> [Task directions]:
Produce a word-for-word copy of the data that follows, excluding images.

(Stored records)
══════════════════════════════
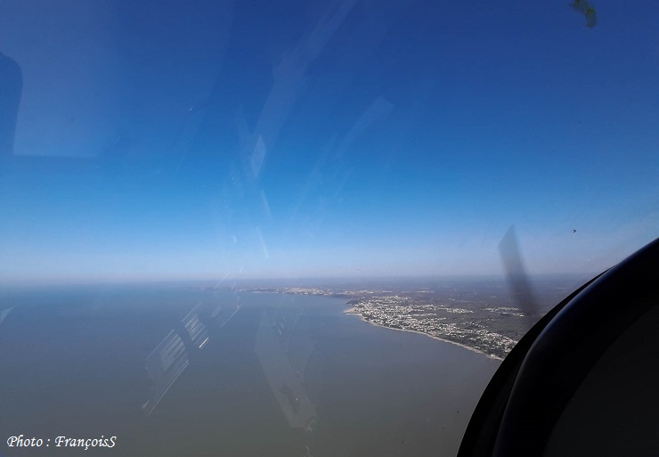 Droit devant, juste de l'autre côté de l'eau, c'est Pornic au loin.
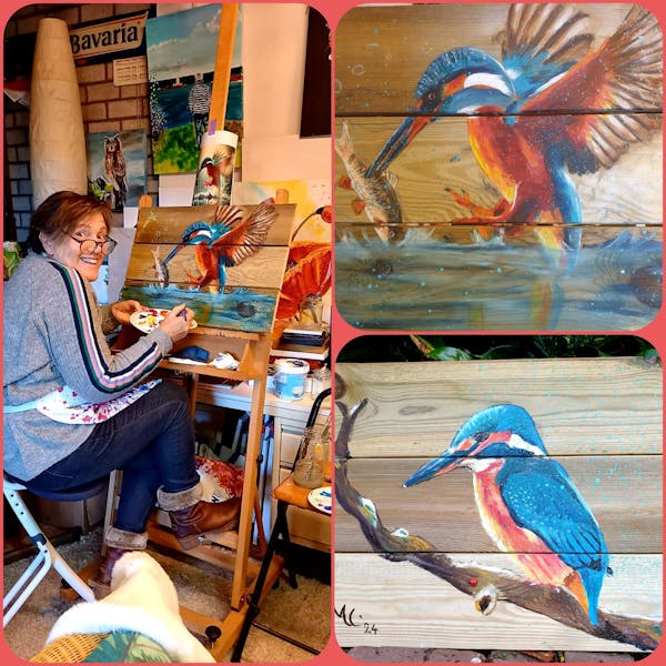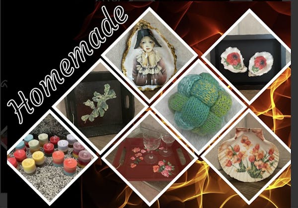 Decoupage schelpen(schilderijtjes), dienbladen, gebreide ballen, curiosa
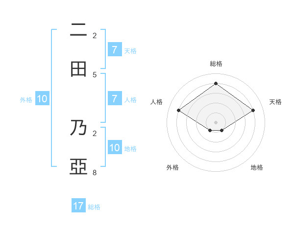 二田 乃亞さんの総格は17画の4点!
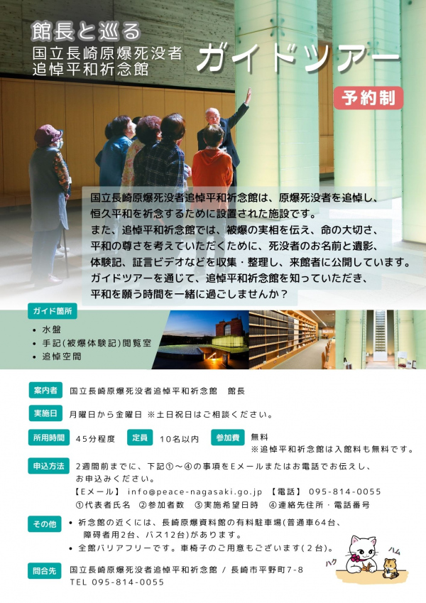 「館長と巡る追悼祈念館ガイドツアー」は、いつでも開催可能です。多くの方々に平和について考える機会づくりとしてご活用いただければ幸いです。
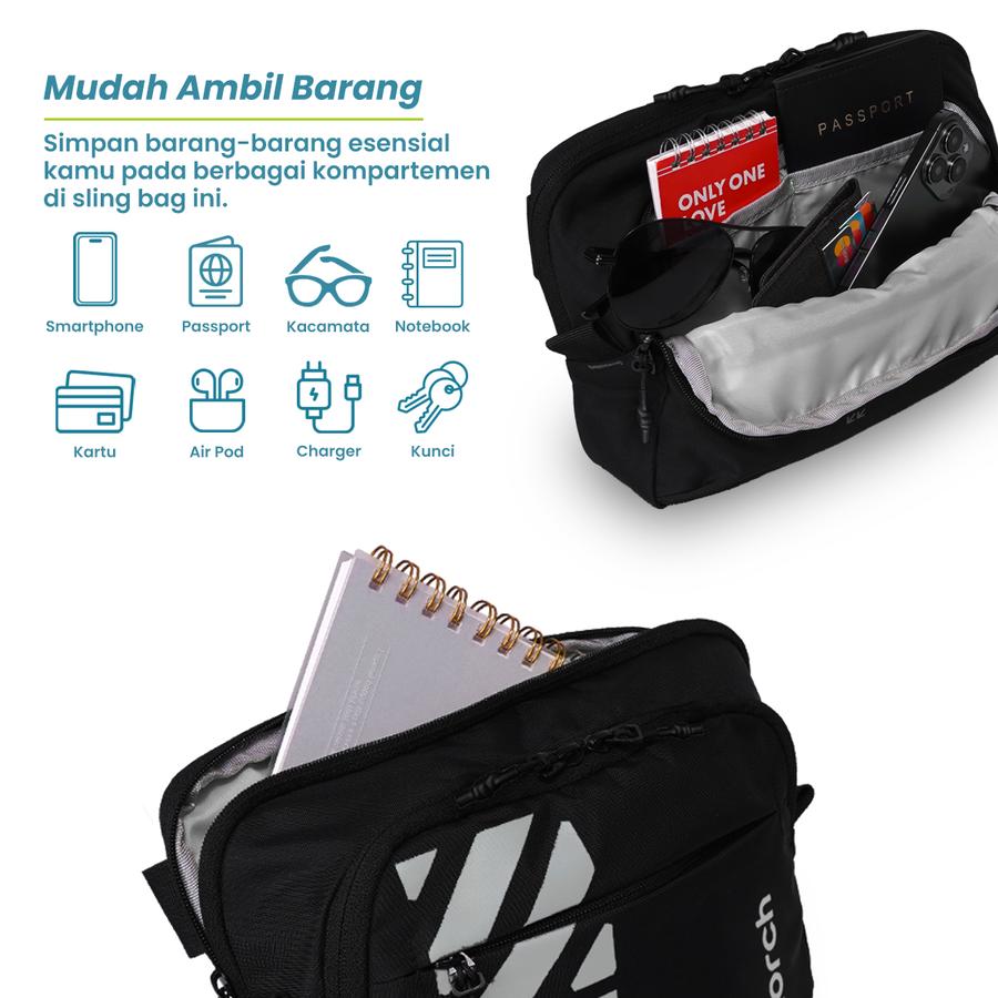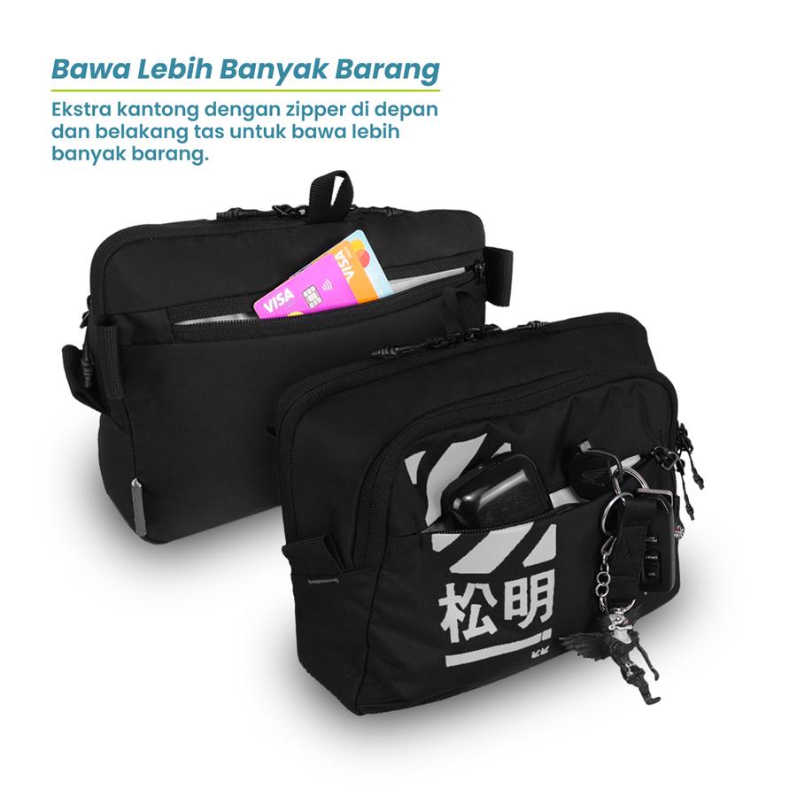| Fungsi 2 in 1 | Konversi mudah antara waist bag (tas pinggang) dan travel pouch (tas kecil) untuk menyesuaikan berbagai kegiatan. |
══════════════════════════════
> [Task answer]:
 Droit devant, juste de l'autre côté de l'eau, c'est Pornic au loin.
 Decoupage schelpen(schilderijtjes), dienbladen, gebreide ballen, curiosa
 二田 乃亞さんの総格は17画の4点!
 「館長と巡る追悼祈念館ガイドツアー」は、いつでも開催可能です。多くの方々に平和について考える機会づくりとしてご活用いただければ幸いです。
| Fungsi 2 in 1 | Konversi mudah antara waist bag (tas pinggang) dan travel pouch (tas kecil) untuk menyesuaikan berbagai kegiatan. |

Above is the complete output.